The Bioart Society sees itself as a catalyst and incubator for the development of transdisciplinary art practices. It encourages work on the intersection of art, science and society to leave its comfort zones, to push the boundaries and cross borders to become what we can’t possibly know. Bioart Society seeks the frontiers of art and extends the practices of artists engaging with scientific processes, facilities and technologies in order to participate in, reveal and illuminate the social, political and cultural context that brought them into being.


© Kilpisjärvi Biological Station

Since 2010 the Bioart Society is organizing the Ars Bioarctica Residency Program together with the Kilpisjärvi Biological Station of the University of Helsinki in the sub-Arctic Lapland in the traditional Sami lands. The residency has an emphasis on the Arctic environment and art and science collaboration. It is is open for professional artists, scientists and art&science research teams at all stages of their careers.

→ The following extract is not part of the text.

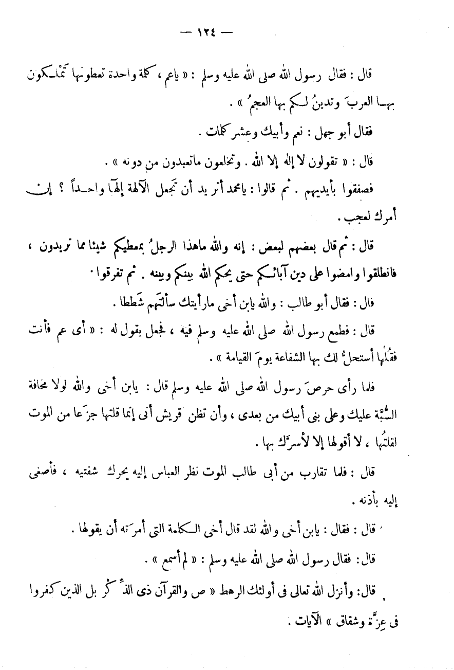 فَلَمَّا رَأَى حِرْصَ رَسُولِ اللَّهِ صَلَّى اللَّهُ عَلَيْهِ وَسَلَّمَ قَالَ: يَا بن أَخِي وَاللَّهِ لَوْلَا مَخَافَةُ السُّبَّةِ عَلَيْكَ وَعَلَى بَنِي أَبِيكَ مِنْ بَعْدِي، وَأَنْ تَظُنَّ قُرَيْشٌ أَنِّي إِنَّمَا قُلْتُهَا جَزَعًا مِنَ الْمَوْتِ لَقُلْتُهَا، لَا أَقُولُهَا إِلَّا لِأَسُرَّكَ بِهَا.

The residency will take place in the facilities of the Kilpisjärvi Biological Station. The Station provides the residents with a combined living and working environment, kitchen, bathroom, sauna and internet connection. The residents have access to scientific equipment, a basic fiel laboratory facilities, the library and seminar room as well as the usage of field equipment. A dedicated mentor in Kilpisjärvi familiarize the resident with the local environment and customs upon arrival.


Oula A. Valkeapää is living with reindeers in Sàmi reindeer herding tradition. Leena Valkeapää is an artist and researcher with PhD in Arts. She has exhibited as a visual artist since (1988) and has produced several public environmental artworks. Currently she also works as a mentor at the Ars Bioartica Residency program in Kilpisjärvi, Finland.

Since 2011 Oula A. and Leena Valkeapää work together producing internationally recognized art – and research driven projects. Thematics of their collaborative works include: natural phenomena, local reindeer herding practices and situated environmental questions.